A peine quadragénaire, elle est dans la plénitude de son âge et paraît plus jeune, étant très mince et , sans doute, sportive.
Elle fait penser, pour Antoine qui a fréquenté et connu presque toutes les éditions du Festival du Film, à l’actrice italienne, Gina Lollobrigida. Il a approché cette dernière, puisque, à l’époque, elle était une habituée du Festival. Pour la bonne raison qu’elle a été la tendre amie du producteur de films, Georges Cheyko, cannois et qui, plus est, ancien volleyeur de l’A.S. Cannes, là où Antoine l’a fréquenté. Comme elle, Gina est grande, élancée, très brune, avec des yeux noirs et de longs cils, la taille très mince avec, comme souvent les femmes italiennes, une opulente poitrine.

Inutile de dire qu’An toine, au cours de ce dîner mémorable, s’évertue à la conquérir. Evidemment, il est sous le charme d’une femme qui a l’habitude de ces situations et, métier oblige, sait tirer avantage de sa silhouette, de sa conversation et, atout supplémentaire, de son léger accent italien, ce qui ajoute un plus ! Que se passe-t-il dans sa tête, lui, habituellement assez réservé avec la gent féminine, surtout à la première rencontre ? Là, au contraire, il fait assaut de compliments et de séduction. S’il voulait une aventure, et peut-être plus, il n’agirait pas mieux ! Où sont passées ses résolutions de rester célibataire jusqu’à la mort ! C’est peut-être le syndrome du séxagénaire qui arrive !

Aussi, à la fin de cet excellent moment, il souhaite le prolonger et, timidement, lui propose de boire un dernier verre au New Brummel, la boîte de nuit du Casino Municipal. Quelle n’est pas sa surprise lorsqu’elle accepte avec une joie évidente dans son regard. Tout se passe sereinement jusqu’au moment du slow fatidique souvent programmé dans les lieux de plaisirs, après les rythmes endiablés.
Là, tout s’emballe. Pour quelles raisons Antoine va-t-il s’abandonner contre elle, au moment du refrain chanté par Franck Sinatra « Strangers in the night » ? Il faut dire que leurs deux corps sont enlacés langoureusement sur la piste et que l’inévitable va se produire à la fin de la danse : pour la remercier , il s’approche de son visage et, alors, elle lui tend ses lèvres ! C’est le coup de foudre ! Gina, sans protester un instant, accepte de suivre Antoine, chez lui, pour un dernier verre ! Antoine l’emmène donc dans sa gentille garçonnière.

Cette dernière est charmante, bien meublée, sobrement, mais avec goût. C’est un studio assez spacieux, au plus haut de la rue Saint –Dizier, dans le Suquet, le cœur du Vieux Cannes. C’est aussi le quartier des restautants typiques de la Cité. Au plus haut de cette rue, dans la rue Coste-au-Corail, au dernier étage, se situe cet appartement. De la grande baie vitrée, dominant une large terrasse, s’étale La Croisette et, en premier lieu, le Casino Municipal et la Jetée Albert-Edouard avec ses grands yachts. Au loin, sur la mer, on devine les deux îles de Lérins, joyaux de la Baie de Cannes. Cette baie, tel un écrin, renferme deux perles rares : Sainte Marguerite et, presque juxtaposée, Saint Honorat, vers le large.

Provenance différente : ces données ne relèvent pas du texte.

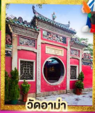
วัดอาบ่า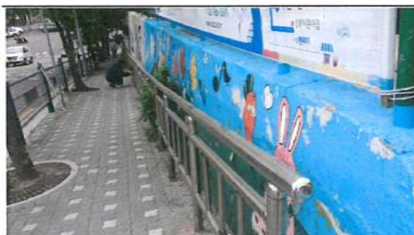
도로옹벽 손상조사 전경

Au III ème siècle, un frère, Honorat était le Supérieur des moines cisterciens de cette île. Quant à sa sœur, Marguerite, supérieure des religieuses du monastère de l’autre île, elle se lamentait de ne pas voir assez son cher frère. Ce dernier lui promit, alors, de se revoir, chaque fois que les cerisiers fleuriraient. O, miracle ! les cerisiers, depuis, bourgeonnent deux fois par an sur ces îles : au printemps et avant l’automne.


Mais, à deux doigts de la terrasse, on touche presque la nef de l’Eglise du Suquet. N.D. d’Espérance. A Cannes, les deux églises principales ont des noms significatifs : N.D. de Bon Voyage et celle de l’Espérance, en haut du mont Chevalier. En effet, les pêcheurs cannois se sont toujours mis sous la protection de la Vierge. D’ailleurs, le jour du 15 Août, une grande procession se déroule dans les rues du Suquet où les pêcheurs promènent sa statue. Après avoir introduit la clé dans la serrure, Antoine n’allume qu’une petite lampe à abat-jour, à l’entrée, qui donne une clarté diffuse, suffisante. Ce n’est pas le moment de montrer les lieux à Gina ! donc les flots de lumière, ce sera pour plus tard ! Il est tout ému de tenir cette jolie femme contre lui. Cette dernière est un peu gaie, car au New-Brummel, ils ont encore ingurgité deux coupes de Champagne !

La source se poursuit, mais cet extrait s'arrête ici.